> BRIEF
Transcribe the records below exactly as they appear, omitting any pictures.

> PROVIDED RECORDS
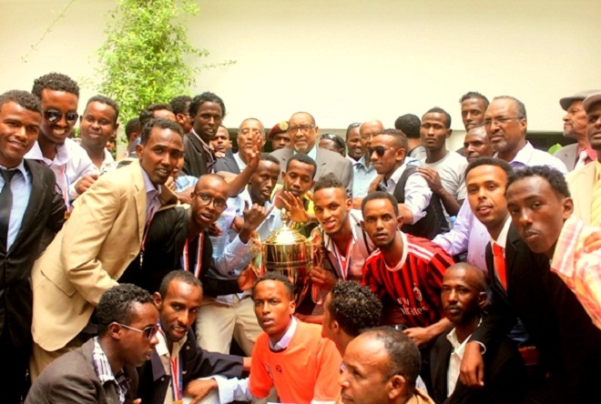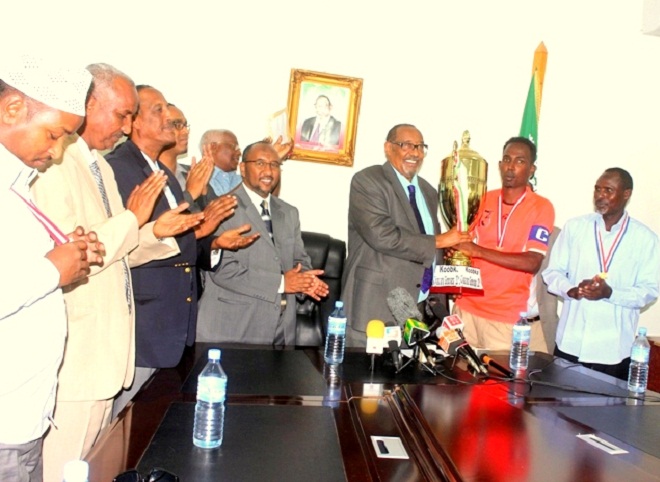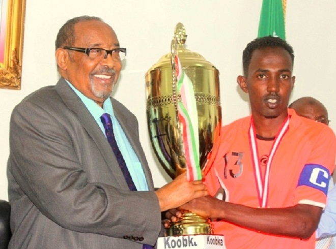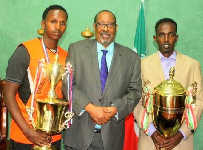 Sabti, Juun 22, 2013 (HOL) — Madaxweynaha Somaliland, Axmed Maxamed Maxamuud Siillaanyo ayaa maanta qasriga madaxtooyadda ku qaabilay labadda gobol ee ku kala guulaystay koobka kubadda cagta iyo koobka kubadda Gacanta ee basketka looyaqaan.
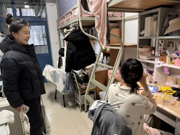刘扬与辅导员带着新年的祝福与问候,逐一走访了所负责年级的学生宿舍。走访过程中,辅导员们细致查看了宿舍的卫生与安全状况,关切询问同学们寒假期间的生活见闻、社会实践经历、家庭情况以及返校后的适应状态。他们特别叮嘱同学们要注意初春时节天气变化,合理安排作息,保持宿舍环境整洁,注意用电与财产安全,以饱满的精神和健康的体魄迎接新学期的挑战。
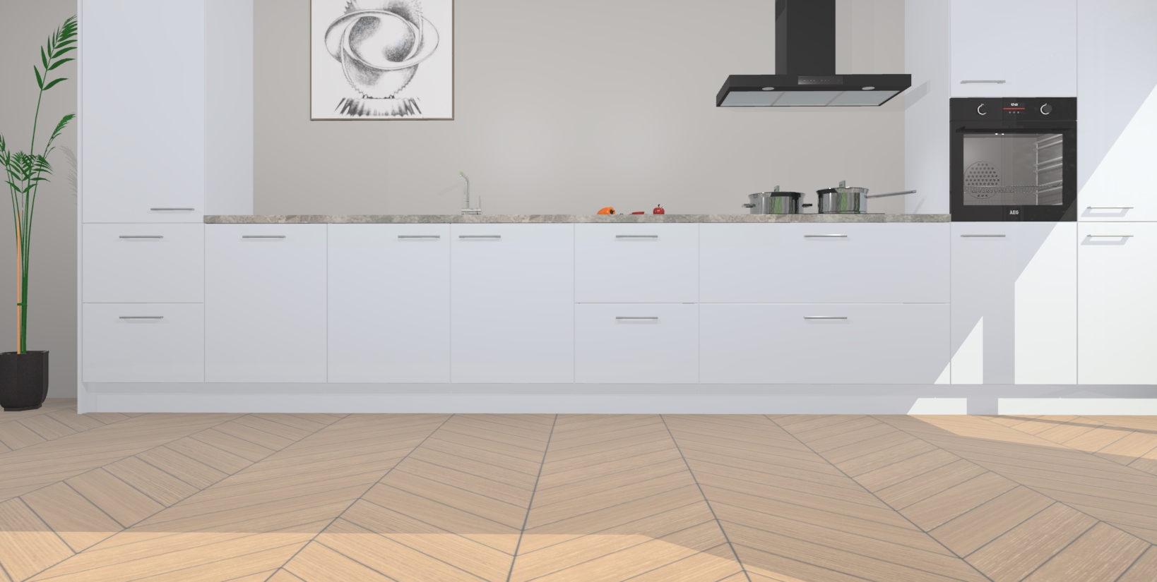 Inclusief plinten, stelpoten en werkblad
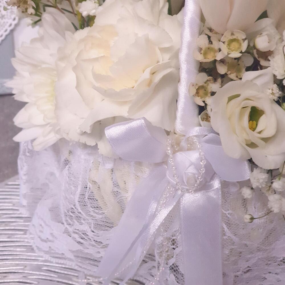 Эвкалипт – 1 шт.Хризантема кустовая белая – 2 шт.Лизиантус Алиса белый – 2 шт.Хамелациум белый – 1 шт.Альстромерия белая или розовая – 1 шт.гипсофила белая – 1 шт.роза пионовидная Дэвид остина – 3 шт.диантус белый сортовой – 3 шт.
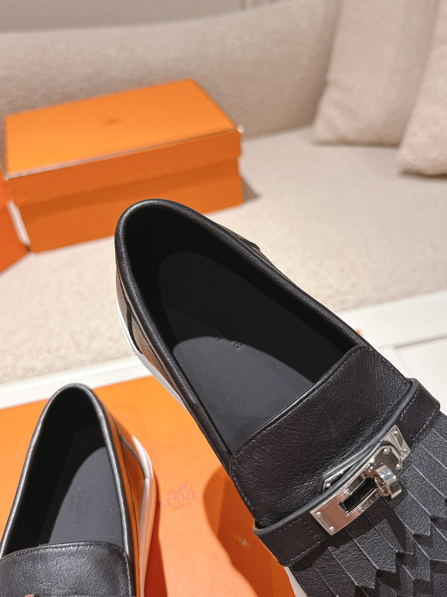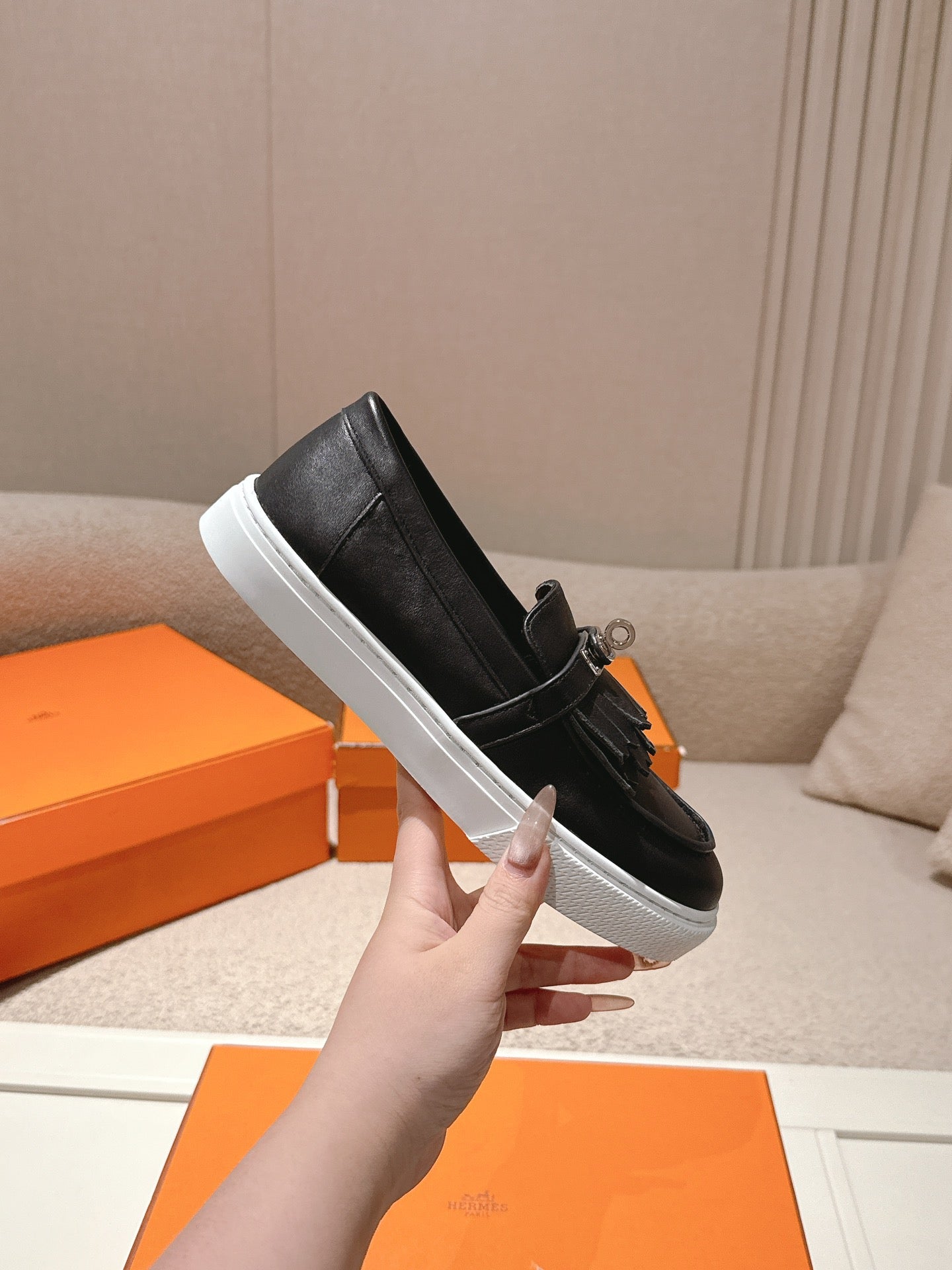HM 25ss Platform Loafers Kelly Buckle Black Cowhide 577476
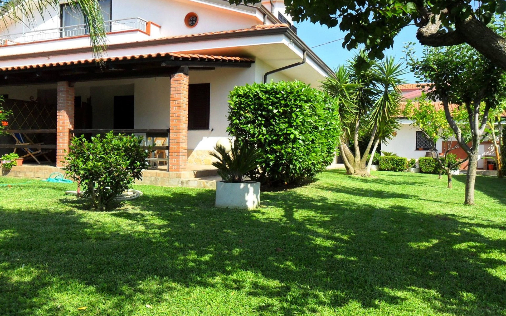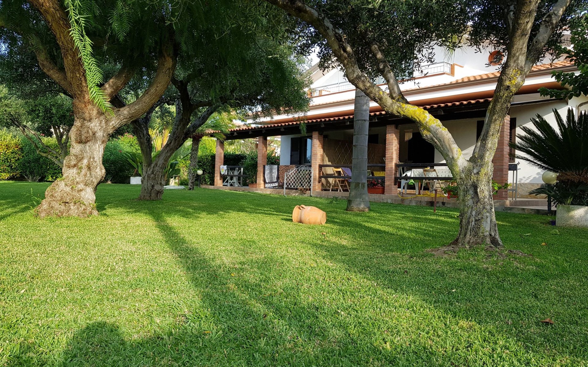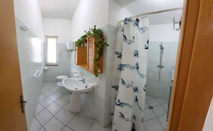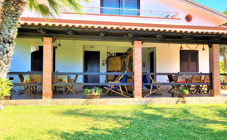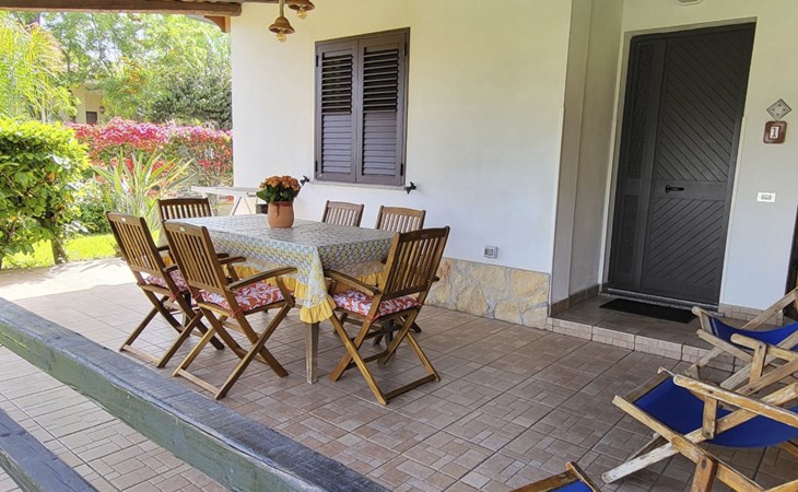 Die Wohnung, die sich im Erdgeschoss inmitten des üppigen Grüns des gepflegten Gartens befindet, ist wie folgt ausgestattet: 2 Doppelschlafzimmer (das erste mit einem Doppelbett und einem Etagenbett an der Seite, das zweite mit zwei Einzelbetten, die durch Zusammenstellen der Betten zu einem Doppelbett werden können), Wohnküche, Bad mit Dusche, Hauswirtschaftsraum mit Waschbecken und große überdachte Veranda auf der Meerseite mit Blick auf den Garten. Es besteht die Möglichkeit, Betten hinzuzufügen. Parkplatz innerhalb der Villa. Die Wohnung ist mit allem Komfort ausgestattet: Satelliten-TV, selbstfahrende Grill, Liegestühle, warme und kalte Dusche auch im Garten, Waschmaschine, voll ausgestattete Küche, Internet, Schreibtisch, Kleiderschrank, Tisch mit sechs Sitzen sowohl innerhalb als auch außerhalb auf der Veranda, wo Sie atemberaubende Sonnenuntergänge auf Stromboli genießen können.
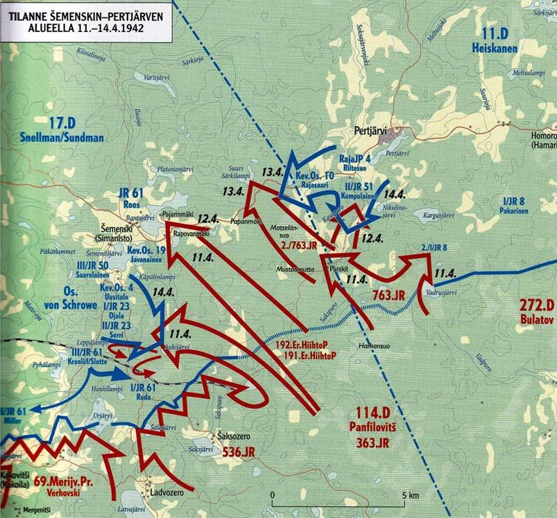 On one morning of April, after their platoon had repelled an attack, Pylkäs's platoon heard yells for help and sounds of heavy gun fire from direction of neighboring regiment the Finnish-Swedish JR 61.

> ANSWER SPACE
 Sabti, Juun 22, 2013 (HOL) — Madaxweynaha Somaliland, Axmed Maxamed Maxamuud Siillaanyo ayaa maanta qasriga madaxtooyadda ku qaabilay labadda gobol ee ku kala guulaystay koobka kubadda cagta iyo koobka kubadda Gacanta ee basketka looyaqaan.
刘扬与辅导员带着新年的祝福与问候,逐一走访了所负责年级的学生宿舍。走访过程中,辅导员们细致查看了宿舍的卫生与安全状况,关切询问同学们寒假期间的生活见闻、社会实践经历、家庭情况以及返校后的适应状态。他们特别叮嘱同学们要注意初春时节天气变化,合理安排作息,保持宿舍环境整洁,注意用电与财产安全,以饱满的精神和健康的体魄迎接新学期的挑战。
 Inclusief plinten, stelpoten en werkblad
 Эвкалипт – 1 шт.Хризантема кустовая белая – 2 шт.Лизиантус Алиса белый – 2 шт.Хамелациум белый – 1 шт.Альстромерия белая или розовая – 1 шт.гипсофила белая – 1 шт.роза пионовидная Дэвид остина – 3 шт.диантус белый сортовой – 3 шт.
HM 25ss Platform Loafers Kelly Buckle Black Cowhide 577476
 Die Wohnung, die sich im Erdgeschoss inmitten des üppigen Grüns des gepflegten Gartens befindet, ist wie folgt ausgestattet: 2 Doppelschlafzimmer (das erste mit einem Doppelbett und einem Etagenbett an der Seite, das zweite mit zwei Einzelbetten, die durch Zusammenstellen der Betten zu einem Doppelbett werden können), Wohnküche, Bad mit Dusche, Hauswirtschaftsraum mit Waschbecken und große überdachte Veranda auf der Meerseite mit Blick auf den Garten. Es besteht die Möglichkeit, Betten hinzuzufügen. Parkplatz innerhalb der Villa. Die Wohnung ist mit allem Komfort ausgestattet: Satelliten-TV, selbstfahrende Grill, Liegestühle, warme und kalte Dusche auch im Garten, Waschmaschine, voll ausgestattete Küche, Internet, Schreibtisch, Kleiderschrank, Tisch mit sechs Sitzen sowohl innerhalb als auch außerhalb auf der Veranda, wo Sie atemberaubende Sonnenuntergänge auf Stromboli genießen können.
 On one morning of April, after their platoon had repelled an attack, Pylkäs's platoon heard yells for help and sounds of heavy gun fire from direction of neighboring regiment the Finnish-Swedish JR 61.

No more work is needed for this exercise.